Associated Black Charities is a member of the Joint Dialogue on Black Philanthropy, a new group that was set up with a $150,000 grant from the Ford Foundation to develop ways to attract donations from wealthy African Americans. Other members are the Association of Black Foundation Executives, the National Black United Fund, the National Center for Black Philanthropy, and the Twenty-First Century Foundation. The group plans to meet with prominent black entertainers, athletes, and religious and civic leaders to discuss ways to help build a steady stream of income for African-American community organizations.
A Chronicle of Philanthropy study in 2003 found that black Americans gave 25 percent more of their discretionary income to charity than whites, but directed 90 percent of the dollars to churches or other religious organizations — compared with 75 percent of the dollars from whites.

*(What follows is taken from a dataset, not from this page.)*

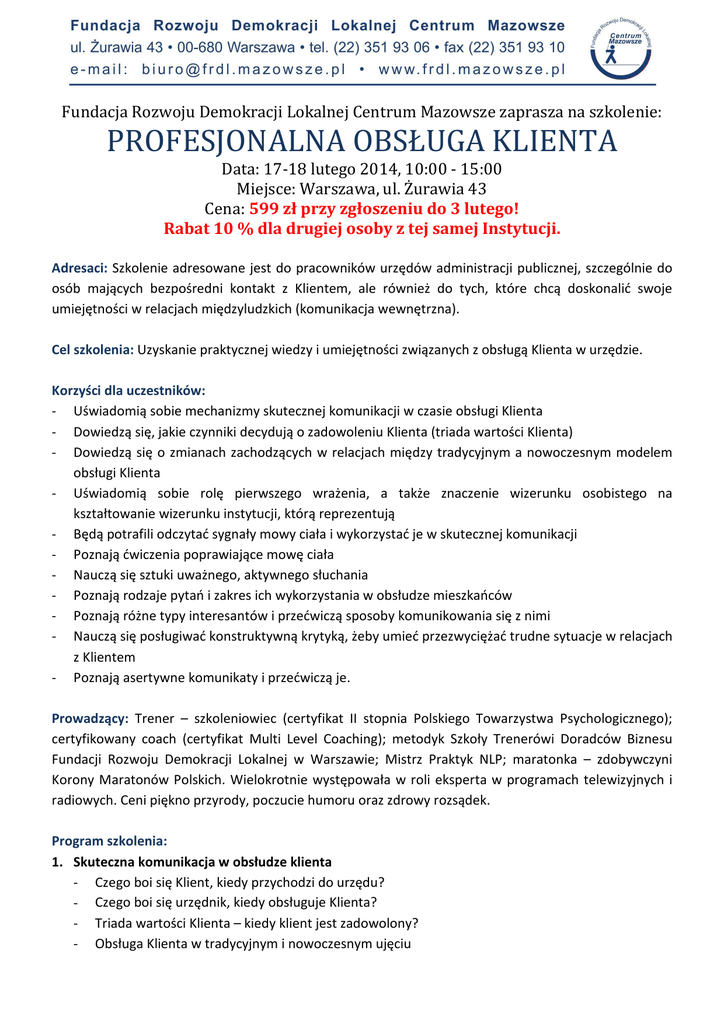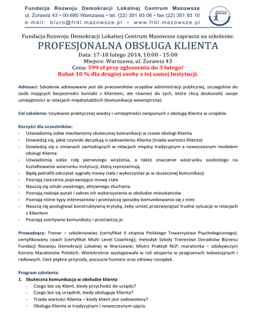 profesjonalna obsługa klienta - Fundacja Rozwoju Demokracji

The Katrina disaster showed that blacks must broaden their giving beyond the church and stop spending so much money on “conspicuous consumption,” says Frank Jones, chief executive of the Gibbs Community Foundation, in Oakland, Calif. He has spearheaded a project in the Oakland area to explore ways to create strong black foundations — that is, with endowments of $50- million to $100-million.
“Had black America been endowed with financially significant black foundations before the hurricane struck,” he wrote in his online publication, Gibbs Magazine, “we could have been on the scene in the nick of time with a pool of resources as we saw Hurricane Katrina configuring itself to devastate our people.”
He says he has been meeting with local leaders about the project and has commissioned some scholars to develop ways to educate African Americans about the need for foundations with large endowments. The hurricane could help him sell his case, he says. “Katrina is the best argument for building philanthropic foundations we’re ever going to find.”
Nicole Wallace contributed to this article.